Поняв, что комбат не шутит, Рыбалко оглянулся, словно стесняясь, и, смущенно сдернув с головы фуражку, принялся вытирать пот, проводя ладонью по своей остриженной черноволосой голове с жестким чубчиком-ежиком. Букреев выговаривал ему, и этот смешливый и, казалось, бездумный человек вдруг сделался совсем другим. Сдвинул брови, лицо стало узким и острым.

— Вы должны быть примером, Рыбалко, — заключил Букреев, продолжая обращаться к нему на «вы». — Я требую сохранения каждого человека и потому настаиваю на развитии укреплений.

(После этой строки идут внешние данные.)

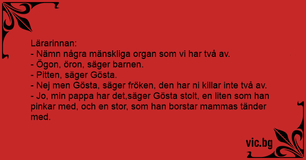 - Nej men Gösta, säger fröken, den har ni killar inte två av.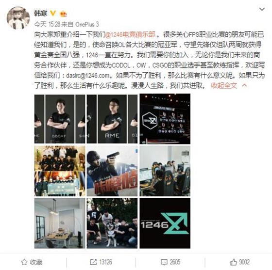 韓寒自己也表示,電競職業(yè)選手很辛苦。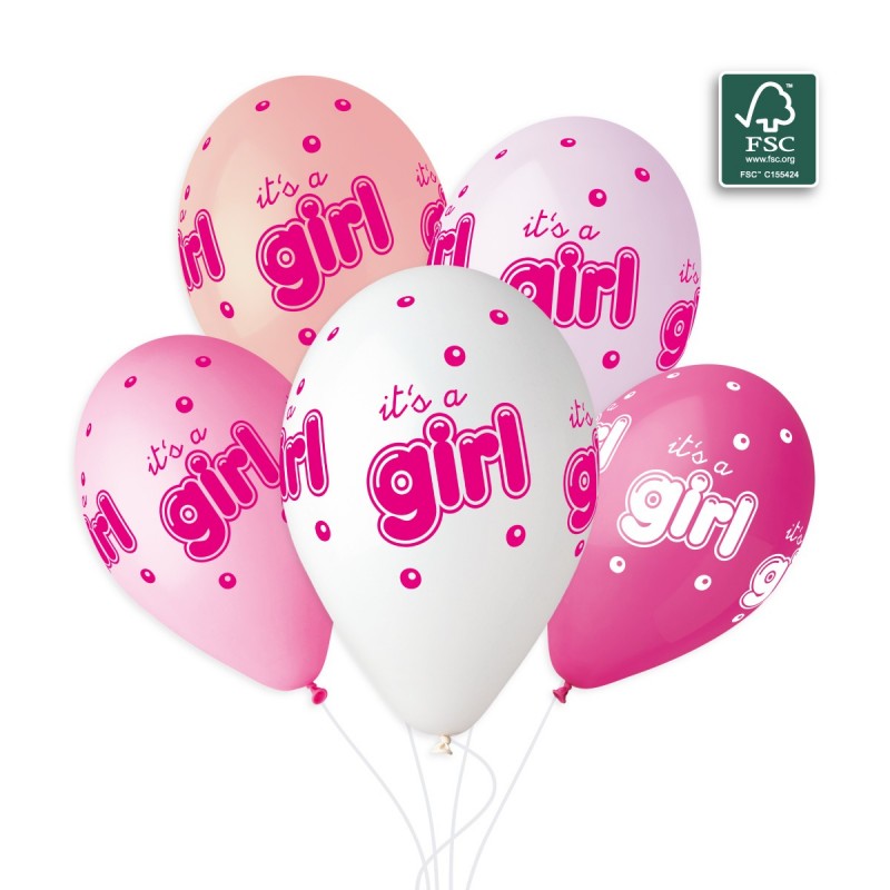 100% FSC-Certified NRL Balloons It's A Girl & Bubbles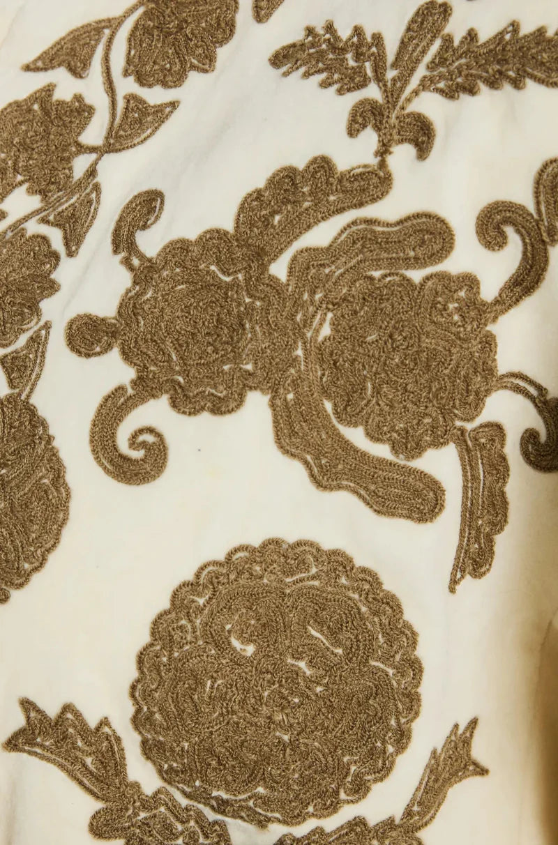 The CORALY bolero in cream velvet is adorned with taupe floral embroidery. A short and precious piece, perfect for warming up a flowing dress or dressing up a simple silhouette with poetry.

— Я вже все поняв, товарищ капитан.

Когда комбат отошел, Рыбалко еще долго смотрел вслед, на уголок траншеи, где последний раз он увидел его чуть ссутулившуюся спину и выбритый до синевы затылок.

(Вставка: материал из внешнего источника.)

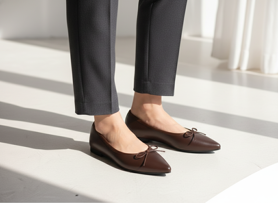 These elegant Korean handmade flat shoes are crafted from high-quality cowhide leather, offering both durability and a premium feel. Featuring a sophisticated pointed toe design and a delicate ribbon detail, these 1cm low-heel flats provide a perfect blend of comfort and style for daily wear. Available in versatile colors including Black, Light Beige, Gray, and Brown, they are designed to complement any professional or casual outfit.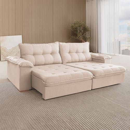 Este sofá retrátil estofado em linho oferece o máximo em conforto e praticidade, com braços almofadados que adicionam um toque extra de aconchego. Seu encosto com reclinação de 90 graus permite ajustar a posição para relaxamento ideal. O design moderno e funcional faz dele a escolha perfeita para quem busca um mobiliário versátil e elegante. Ideal para otimizar o espaço sem sacrificar o estilo. Produto Montado: Sim Acompanha Almofadas extras: Não Almofada do assento: Fixa Almofada do encosto: Removível Altura do assento até o chão: 47.0000 Altura do Encosto: 58 cm Altura dos Pés: 12 cm Ambiente Principal: Sala de Estar codigo_ean: 7900288205438 Complexidade da Montagem: Baixa: pode ser montado por uma pessoa sozinha Cor: Bege Cor do Produto: Bege Itens Inclusos: 1 Sofá e Kit Ferragens Linha ou Coleção: Muriaé Marca: Lufer Estofados Material dos Pés: Madeira Maciça Necessita Montagem: Sim Origem do Produto: Nacional Peso: 85 kg Pet Friendly: Não Possui Percintas Elásticas: Sim Possui Pés: 08 Possui Rodízio: Sim Profundidade Quando Estendido: 180 cm Profundidade quando extendido: 180.0000 Recomendações de Uso, Manutenção e Limpeza: Limpar com pano umedecido, sem produtos Rodízio com Trava: Não Sistema de Montagem: Parafuso, encaixe Suporta Até (kg): 240 kg Tecido Predominante: Linho Tipo de Encosto: Regulável Tipo de Sofá: Sofá Cama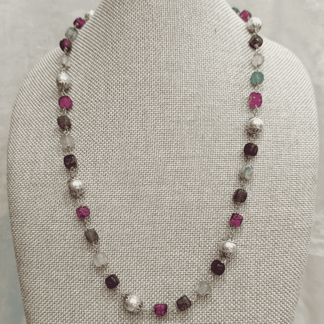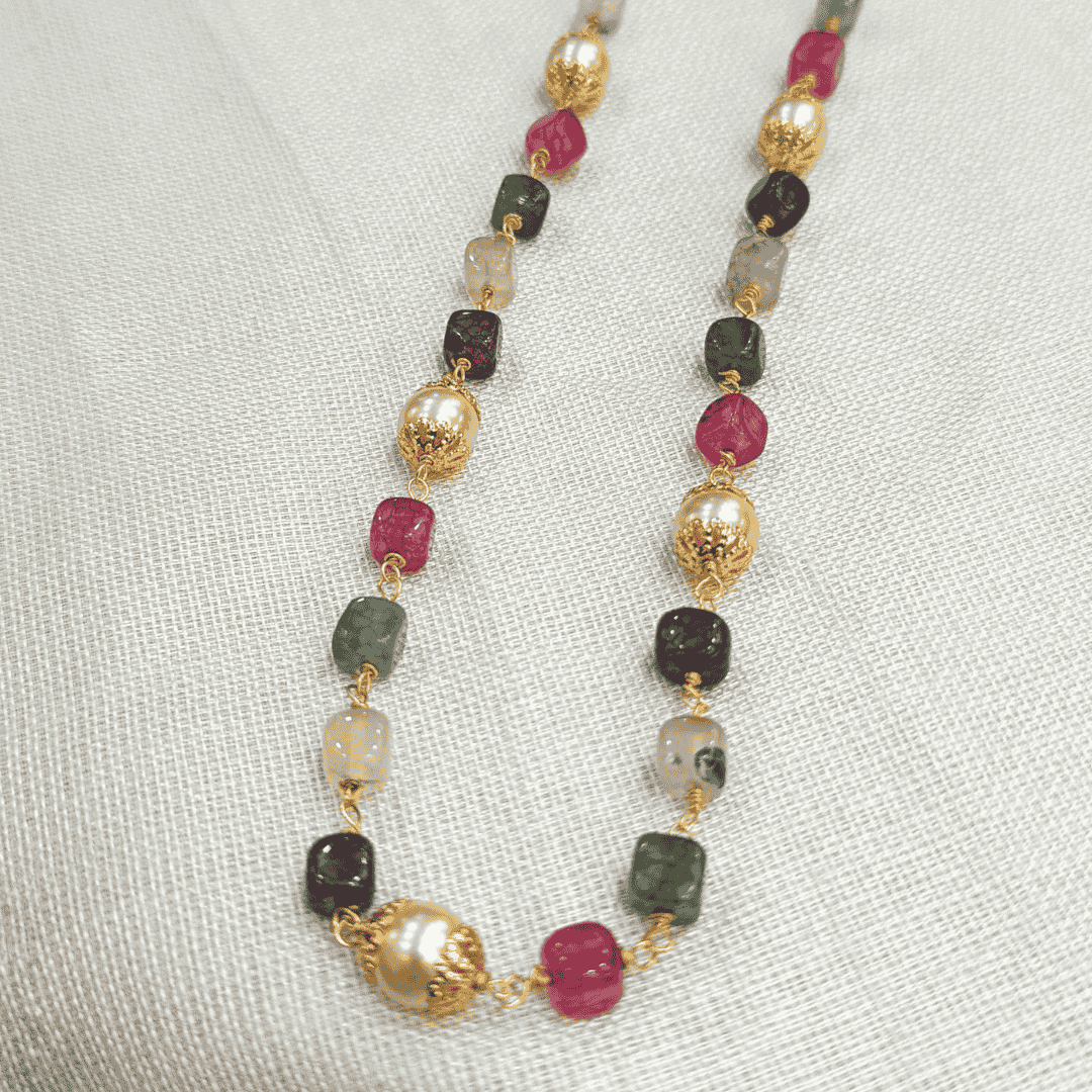 Ganthan maala with multi colour stones and pearls.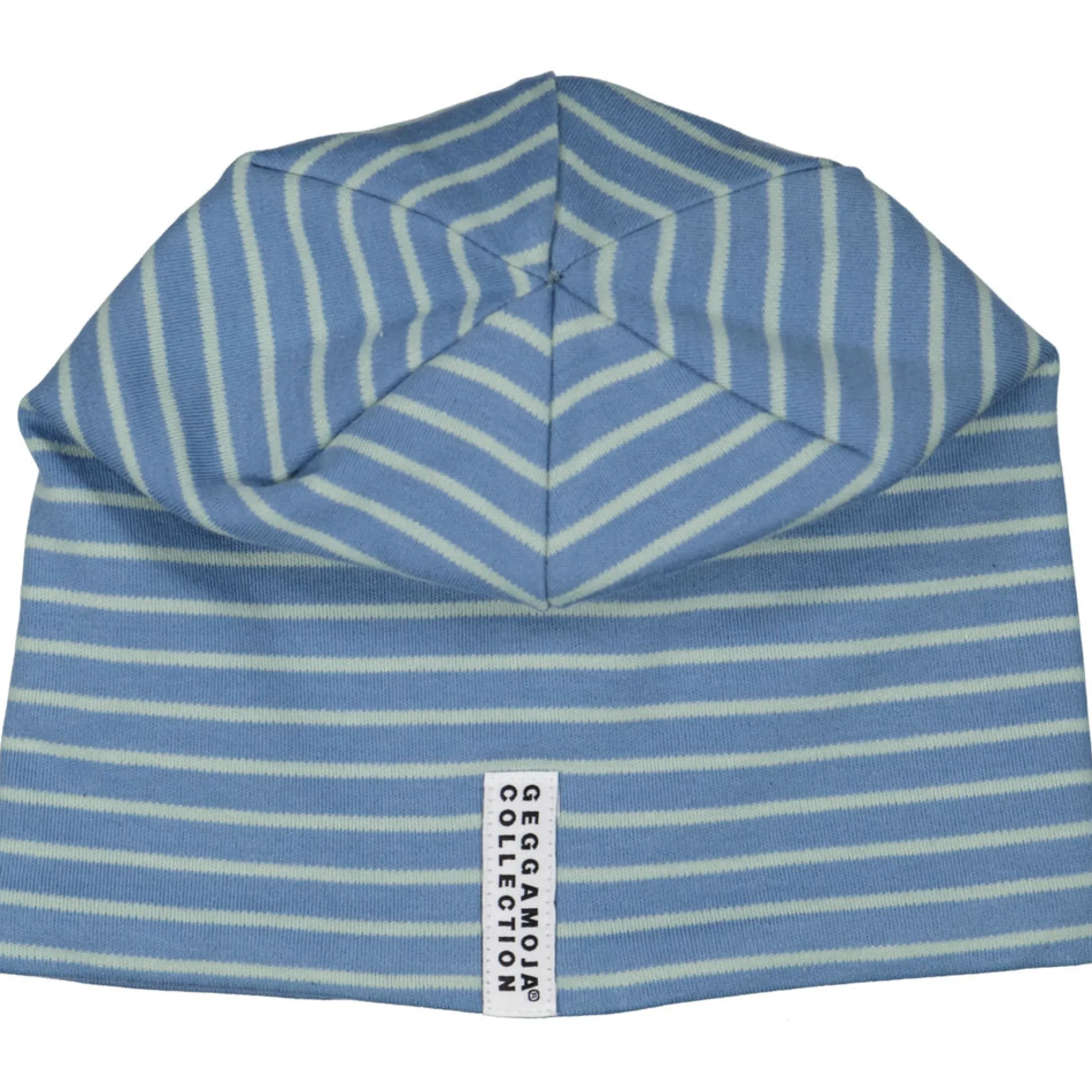 Geggamojas klassiska mössa i blå och grönrandig -bomull! Denna med mjukt fleecefoder som värmer kalla höst- och vintertider.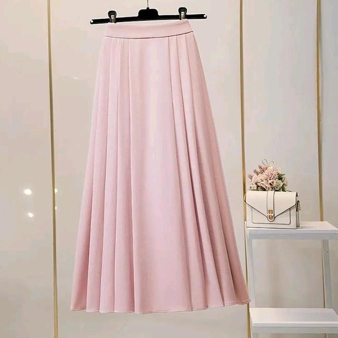 Rok Lipit Bawahan Wanita Terbaru Bahan Crinkle Premium Panjang Melar Nyaman - Hitam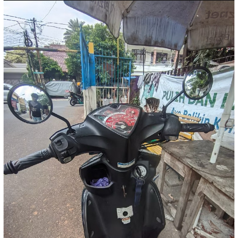 Spion Bulat Retro Classic custom Hitam Kaca Cembung universal honda dan yamaha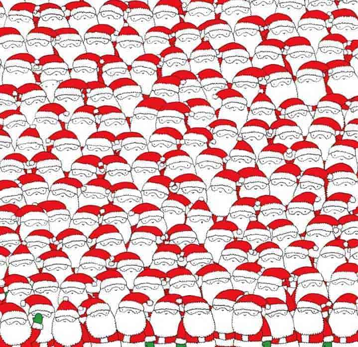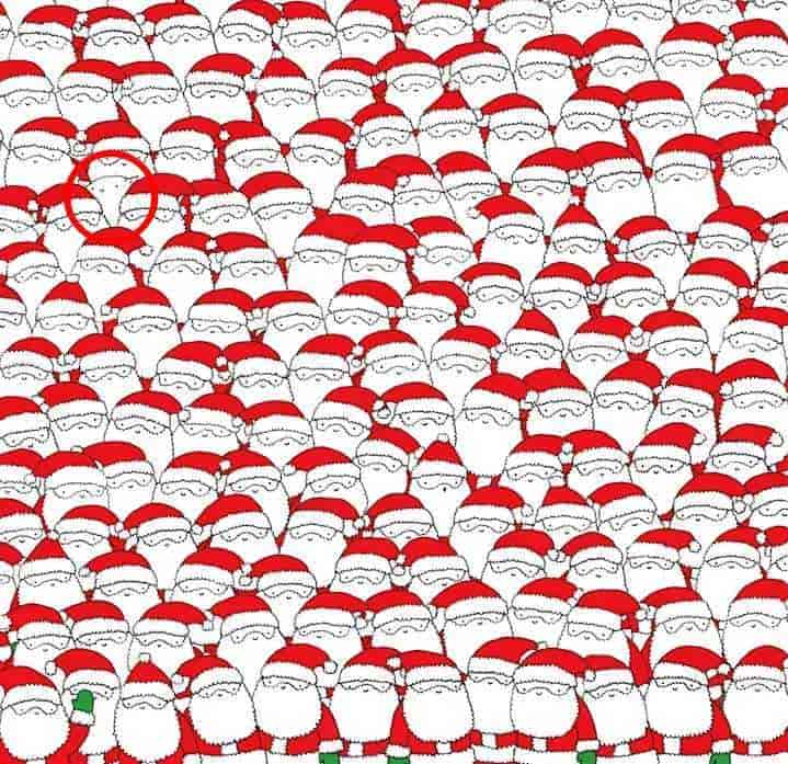 A sheep is hiding in plain sight among the Santa’s in the picture.

— Взводных командиров ко мне! — приказал он.

Взводные сбежались к нему очень быстро — Рыбалко держал людей в строгом подчинении, и его побаивались.

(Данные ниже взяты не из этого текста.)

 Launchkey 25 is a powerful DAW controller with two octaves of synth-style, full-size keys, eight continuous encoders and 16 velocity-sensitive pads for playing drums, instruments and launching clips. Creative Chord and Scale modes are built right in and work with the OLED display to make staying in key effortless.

Хмуро смотря в землю, Рыбалко повторил почти все, что сказал ему командир батальона. Вскоре замелькали лопаты и наверх полетели комья земли. Соединившись по телефону со своим соседом Степняком, Рыбалко поговорил с ним и сдержанно похвалил комбата:

— Ты чуешь, Степняк? Я его спужался. Як гляне, як гляне на меня! Був тихий, а туточка озлил, на крымской земле… Як ты там окапываешься?.. Добре? Ось я приду сам побачу.

Букреев возвратился на свой КП в хорошем настроении. Ему не хотелось быть мелочно-придирчивым и тем более прослыть таким среди моряков, но он отлично понимал беспокойство и Гладышева и Степанова и решил настойчиво заставить всех врыться в землю. Найдя на КП связного от комдива. Букреев переобулся, подтянул ремни и вышел с Батраковым и ординарцем.

Артиллерийский обстрел усиливался по армейскому флангу. В одном месте пришлось «приземлиться». Отряхнувшись от кирпичной пыльцы, Букреев встал, чтобы продолжать путь, но вдруг услышал нарастающий гул танковых моторов. Танки подавили своим гулом все остальные звуки и, казалось, находились совсем близко. Букреев выскочил по улице на пригорье, чтобы ориентироваться. Окраинные домики с сорванными крышами и ребрами стропил приютили возле себя несколько десятков фигурок в армейских шинелях. Выгон с многочисленными воронками, казалось, был только что вспахан, и по нему, то припадая, то выныривая в косматинах дыма, бежали какие-то люди, как будто бы всплескивая руками.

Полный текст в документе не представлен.